The National Strategy for the Arctic Region states that the USA “will continue to protect the Arctic
environment and conserve its resources” (President of the United States, 2013: 2). Specific
objectives of the U.S. environmental efforts in the Arctic include conservation of natural resources,
assessment and monitoring of ecosystems and the risks of climate change, implementation of
integrated management practices to balance economic development and environmental
protection, studies on environment changes, and charting and mapping the ocean and waterways
(President of the United States, 2013: 9-10). Among critical concerns, the 2013 Strategy
underscores “land ice and its role in changing sea level; sea-ice and its role in global climate,
fostering biodiversity, and supporting Arctic peoples; and, the warming permafrost and its effects
on infrastructure and climate” (President of the United States, 2013: 9-10).
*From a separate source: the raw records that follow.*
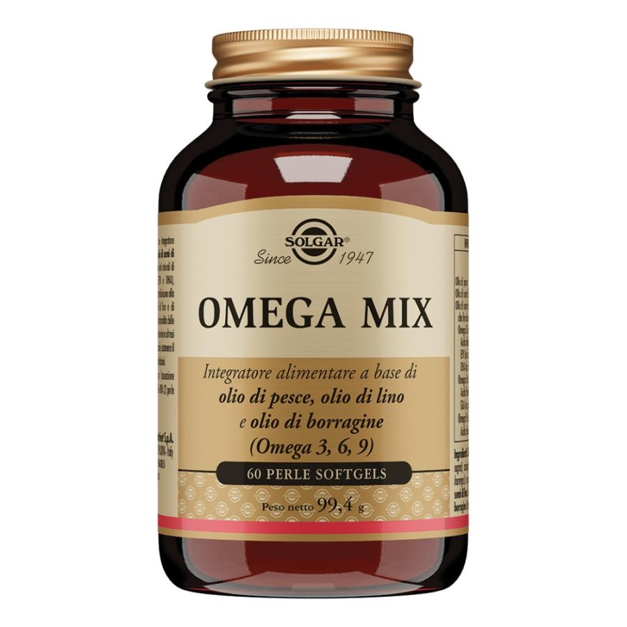 L'integratore Solgar Omega Mix 60 Perle è formulato con olio di pesce, olio di semi di lino e olio di semi di borragine, naturali fonti di acidi grassi insaturi omega-3 (EPA e DHA), omega-6 e omega-9. Questi acidi grassi sono essenziali per la salute cardiovascolare, il benessere delle membrane cellulari e il trofismo di pelle e articolazioni.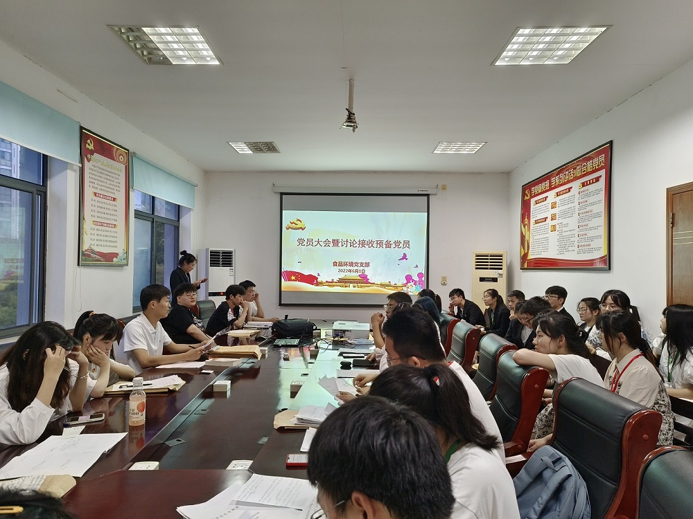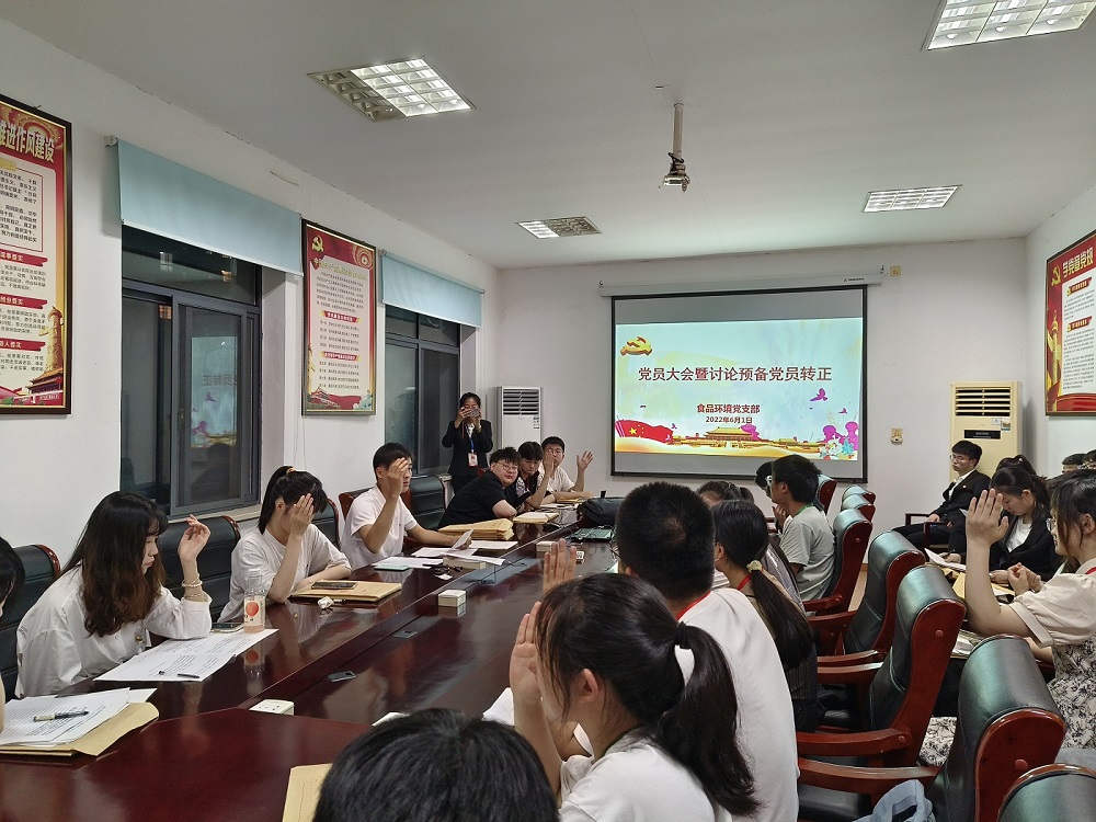 为做好党支部2022上半年党员发展工作,6月1日,食品环境党支部于天都园林三楼会议室召开党员大会,讨论接收2022年第二批中共预备党员及预备党员到期转正。党支部书记徐良玉、副书记王秋阳、组宣委员罗毅、纪检委员吴丽萍及支部48名学生党员参加会议。会议由徐良玉主持。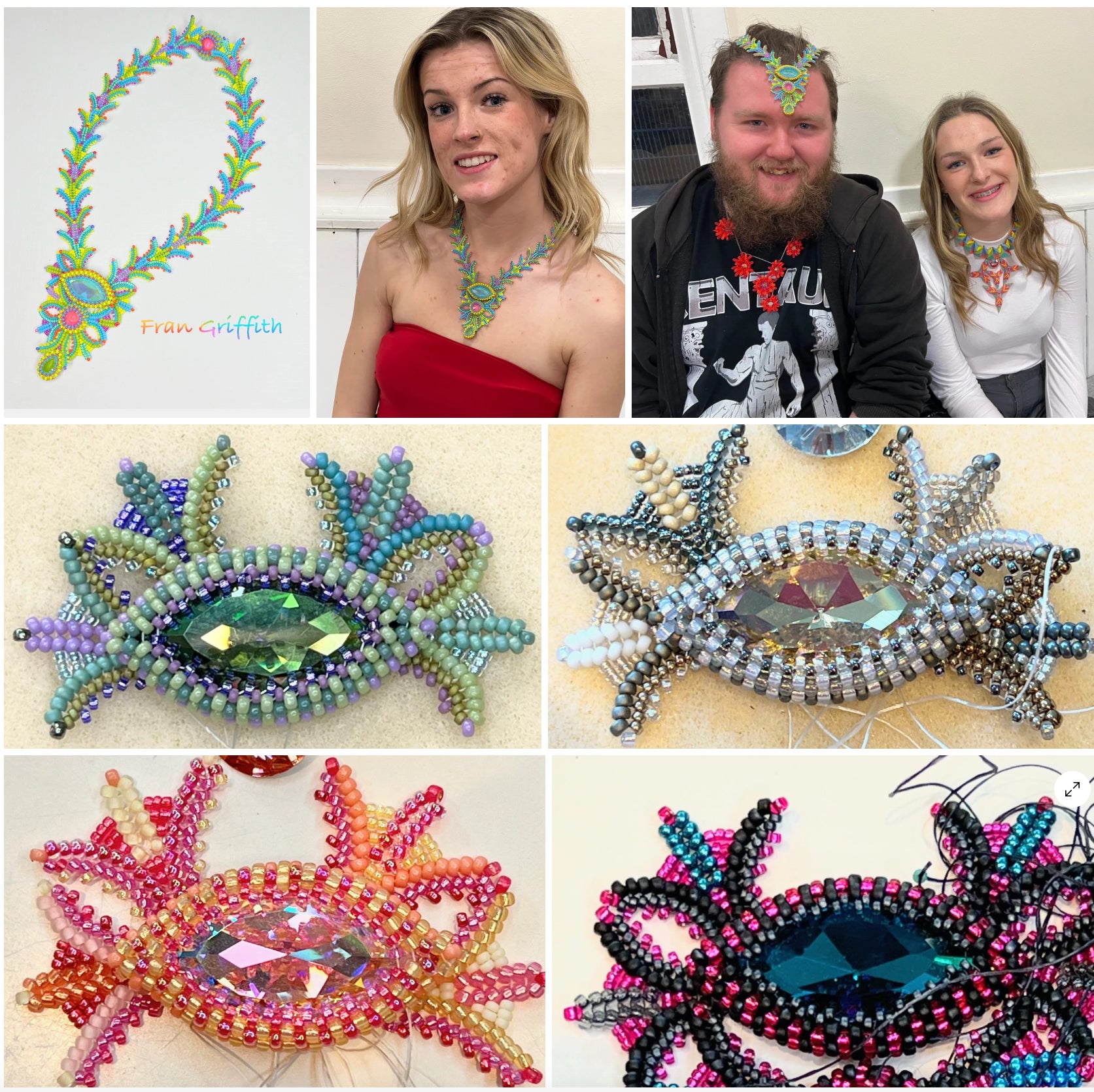 Supplies for your classes: bead mat, thread, beading needles, glasses/magnifier, and the items on your materials list (we’ll email you a list of requirements when you book your place and also information on how to purchase a kit from Fran directly).

While the 2013 Strategy calls for a strengthening of international cooperation for “collaborative
efforts by nations seeking to explore emerging opportunities while emphasizing ecological
awareness and preservation” (President of the United States, 2013: 8), in recent years, the Arctic
has been turning into “an arena of global power and competition” (Pompeo, 2019). Two
documents released in 2019 articulate this new vision of the Arctic by the U.S. Coast Guard and
the U.S. Department of Defence. While the latter one, the DoD’s Arctic Strategy views
environmental changes in the High North as “specific operational challenges that limit
communications, including the harsh climate, vast distances, and atmospheric phenomena”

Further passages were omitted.